Our story about men with tails is thus not merely an invention; rather, it is a story about how individual groups, nations or cultures perceive others. As they construct the social world, people try to determine which construct is best suited to give a certain event a meaning. At the same time, they define their experiences and generalise them in communication with others, so giving them a certain permanence. different periods, different social groups and different individuals recognise different constructs as suitable for their purposes, according to their various expectations and interests. Construction is therefore an endless process of giving meaning to the world. It reflects religious, ethical, political and other conceptions, in the context of which interpretations and evaluations are made, and what is important, unimportant, sensible or absurd is defined. These constructs tell us nothing about the groups of people they describe, but they are precious sources of knowledge about the group that constructed them, since what a group of people imagine about others is as a rule the mirror image of how they see themselves.

Traveling can trump prejudice and ethnocentrism, but it also reinforces them. A soldier in Afghanistan, Americans complaining that the French don’t speak English, and intellectuals trudging across the Balkans in the 19th and 20th centuries judge before they observe. The mindset and expectations a traveler carries shapes events and memories more than the people encountered during the travels.

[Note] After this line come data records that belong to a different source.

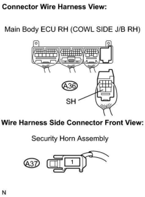 (a) Disconnect the A36 ECU connector and the A37 horn connector.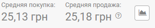 В 12:00 курс был таким: средняя покупка 25,12 грн, средняя продажа -25,20 грн.
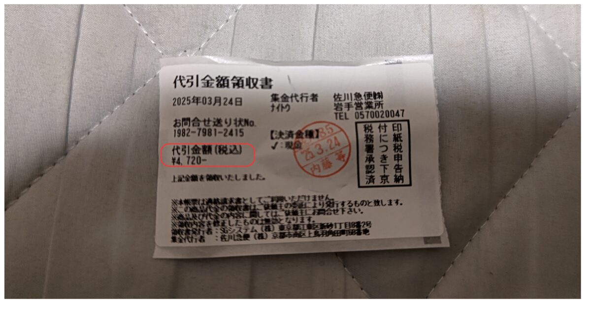設定した日時に配達業者さんが集荷してくれました。伝票は不要です。配達業者さんが持ってきてくれます。ダンボールに商品を入れ渡すだけでOKです。後は結果を待つのみです!

Thus, peasants were dull and lazy because they didn’t have the mental capacity or desire to achieve more. Not because of restrictions based on social tradition or political fiat. And so on. It’s easy to get charmed by a romantic idea of western Europe and feel wary toward the Balkans and post-communist countries. In some instances, it’s less romance and more reality. Western Europe is richer and tends to have lower crime rates. Americans should take more caution in Bosnia than Ireland. But to look for things that compare unfavorably to home can transform travel into a game of “my place is nicer than this.” Don’t travel like Ron Swanson:

edBXKiT

It’s difficult to cultivate a level of empathy that presses a shift from comparison to understanding, but doing so would make travel more enlightening.